AB 1584 expects every contract to address ownership of student records, control of parent and student access, restrictions on secondary use of data, a description of security procedures, breach notification, certification of data destruction at termination, and prohibition on commercial advertising. Each item should appear by name in your agreement — not implied, not merged into a generic privacy paragraph. Borderset's standard data agreement maps to each AB 1584 element, and its security and compliance page publishes the technical controls counsel will ask about.

Board materials, in plain language

Boards approve software contracts in public meetings, which means the AB 1584 summary belongs in the agenda packet. Use a one-page brief: who the vendor is, what data it touches, which AB 1584 clauses are present, and how parents can request records. That brief travels with the contract for the life of the agreement. For larger systems looking at a multi-site rollout, Borderset's enterprise plan bundles the documentation a board needs.

Right-sizing the spend

AB 1584 is technology-neutral; it does not require expensive software. It does require honest software. Review the pricing page against the features your district will actually use, and avoid bundles that pad covered information with features you do not need. Less data collected is less data to defend.
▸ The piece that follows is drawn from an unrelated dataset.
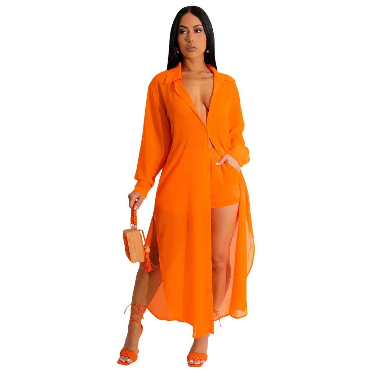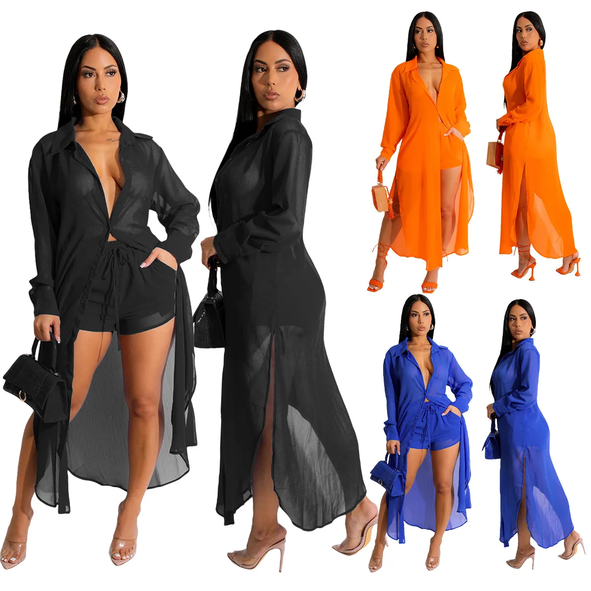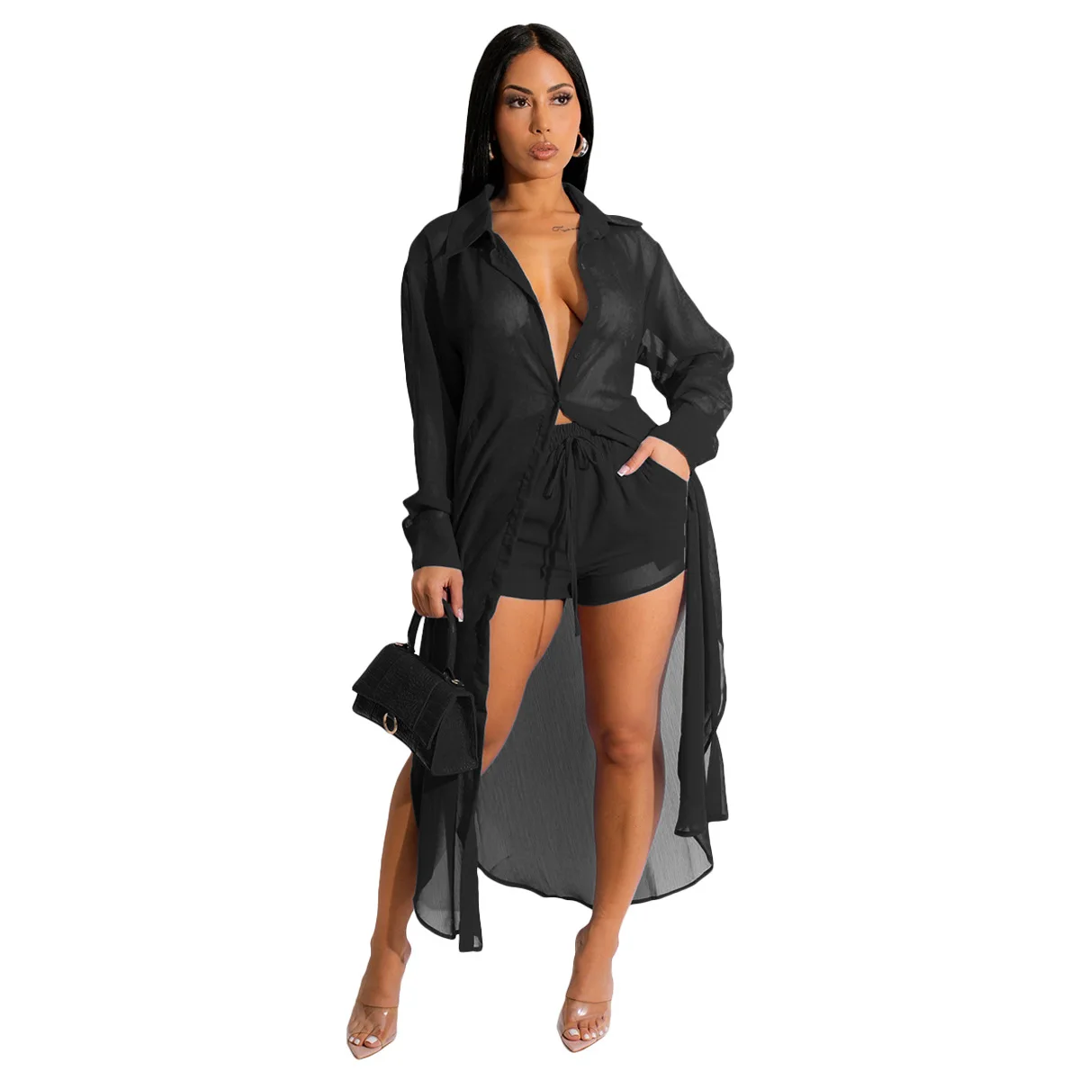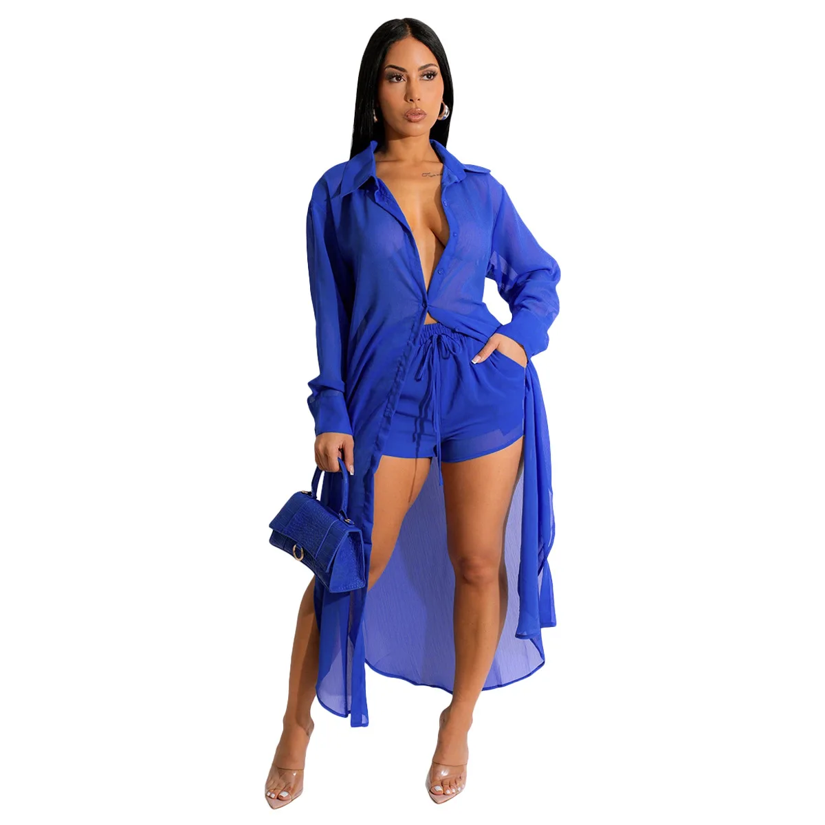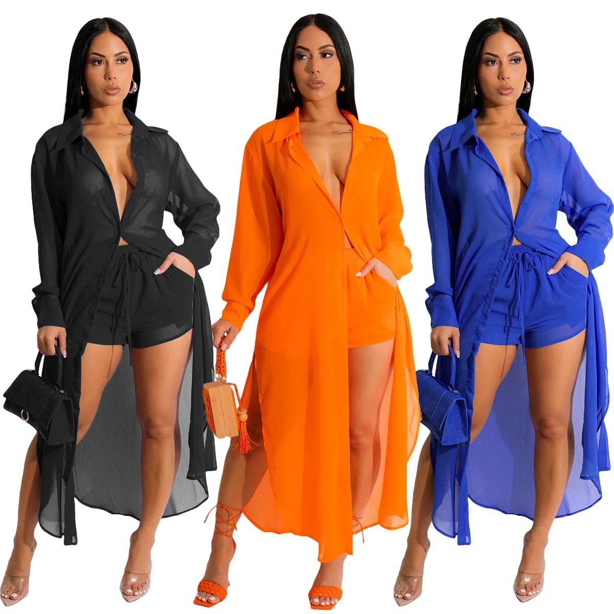 D0411TA47 New Design Casual Long Sleeve Cardigan Solid Color Two Piece Shorts Set Women Sehe Fashion
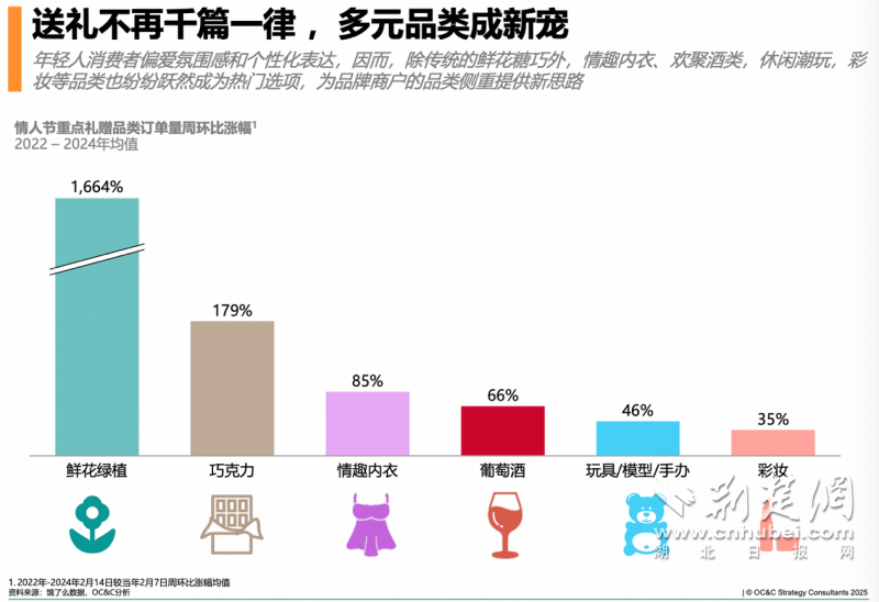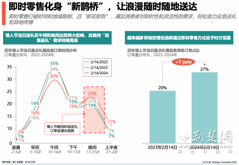 荊楚網(wǎng)(湖北日報網(wǎng))訊(通訊員 易曄)元宵才過,情人節(jié)接檔。零售品牌商戶們毫不猶豫步入下一個生意高峰,過節(jié)的愛人們也不慌不忙在節(jié)日當(dāng)天開始籌備浪漫表達(dá)。近日,餓了么聯(lián)合戰(zhàn)略咨詢公司OC&C共同發(fā)布的《情人節(jié)即時零售禮贈趨勢與品類機遇洞察》顯示,過去三年情人節(jié)當(dāng)天,重點禮贈品類的外賣單量較12日環(huán)比增長超過3倍,且當(dāng)日送禮訂單在晚間(17-21點)需求持續(xù)增長。

Operationalizing AB 1584 after signature

Signing is the start, not the finish. Decide who in the district owns the AB 1584 contract file, who responds to parent records requests, and which calendar reminder triggers the annual review. Train front office staff to recognize a records request when it arrives. Standardizing student information in one platform — instead of spreadsheets — makes those workflows survivable; read why one SIS beats spreadsheets for the operational case.

Borderset works with California districts to map each AB 1584 requirement to a concrete control inside the platform: access logs, role separation, retention schedules, and verified deletion. The result is a contract that holds up under board scrutiny and an operations team that does not dread renewal time. Each control should have an owner inside the district — not just inside the vendor — so accountability does not evaporate the moment the implementation team moves on.

Parents are also more engaged in California than in many states. Build a simple, public-facing page that lists every vendor with access to student data, the categories of data each vendor touches, and the date of the most recent contract review. That single page answers most parent inquiries before they reach the district office and demonstrates a level of transparency that AB 1584 implicitly rewards. Pair it with the calm, role-aware notifications that already flow through your parent portal and the privacy conversation becomes routine.

If your district is replacing a legacy system, raise AB 1584 in the very first vendor conversation. Vendors who cannot describe their AB 1584 posture in a single page are not ready for a California contract. Vendors who can — Borderset among them — make the rest of the cycle dramatically faster, and they leave your team time to focus on the work that actually changes student outcomes. Compliance done well is invisible to teachers and reassuring to families, which is exactly the balance California districts are asked to strike every year.